Self-denial removes me from the center. It may even move my family, church, community, and country from the center. According to Jesus, self-denial naturally leads to cross-carrying and cross-carrying leads to aloneness.
Jesus carried the cross 2,000 years ago because carrying the cross was what needed to be done. Without the cross there could be no Easter and without Easter there could be no resolution to the sin problem.
When Jesus calls his followers to cross-carrying it is a call to courage. It is a call to stand-up for truth even when no one else wants to hear the truth. It means exposing and naming the powers that have neutralized the church’s prophetic place in the world.
When we name racism as a current sin, we risk our popularity. When the church declares that we need a president of color because another white man will just reinforce the worst of our prejudices and stereotypes, we risk being called non-Christian. When the church stands up against the raping of the environment just for cheaper fuel, we risk being called extremists. When the church stands for the stranger and alien in our midst, we risk being labeled unpatriotic.
Friends, this is the call of Easter; a call to self-denial, cross-carrying, and truth telling. It will not be easy. It will not make you popular and you may end up feeling very alone.

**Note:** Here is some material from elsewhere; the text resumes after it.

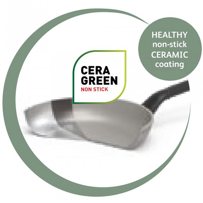 Особливості: 100% перероблений алюміній; 100% екологічне та безпечне для здоров'я керамічне антипригарне покриття CeraGreen, яке дозволяє смажити практично без олії; 2-х шарове цільнодискове дно для швидкого та рівномірного розподілу тепла та енергоефективного приготування їжі; легкий матеріал; ручки, що не нагріваються, для додаткового комфорту та безпеки; легко очищується; вбудований зливний отвір, який одночасно служить паровим клапаном; спеціальна ручка на кришці, на яку можна покласти ложку; підходить для всіх типів плит, включаючи індукційні; не підходить для духовки

Know this; we serve a High Priest, Jesus Christ, who understands.
Filed under diversity, enemies, enemy, ministry, Mission, racism, racist, religion, respect, self denial, sexist, war
It will be Easter in a few weeks. It seems like a good time to ask a basic “Christian” question: Why did Jesus die on the cross?
Is it possible that we have forgotten why?

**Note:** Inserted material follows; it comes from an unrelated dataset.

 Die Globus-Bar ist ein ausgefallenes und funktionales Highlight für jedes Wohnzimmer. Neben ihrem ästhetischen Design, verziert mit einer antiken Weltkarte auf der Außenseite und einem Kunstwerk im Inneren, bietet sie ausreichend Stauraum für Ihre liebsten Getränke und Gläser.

From a certain perspective Easter seems to be mostly about chocolate, eggs and candy. Or, for the casual faith crowd, it would be easy to conclude that this is the time of year for new dresses, fancy hats and an annual pilgrimage to church.
If you spend any time listening to popular Christian culture it might be easy to conclude that Jesus died on the cross so that we could own the house or car of our dreams. Or maybe he died so that TV ministers could have world-wide audiences. Could it be that Jesus died to inspire church “building” programs? Is it possible that Jesus died so that church sanctuaries would be filled once a year?
Then there is the “ignore Jesus’ life and teaching, and focus on His death” crowd. They believe that Jesus died so that we could get a free ticket to heaven. If you are unfortunate enough to miss the free ticket-to-heaven line you still get a free ride but this “other” option is not quite as fun.
So why did Jesus die on the cross? John 3:16 provides a clue. We are loved. Unconditionally loved. It does not make a difference who you are, what you have or have not done, where you come from, your economic status, your national or religious origin – none of this matters. Jesus died on the cross because He loves you, unconditionally.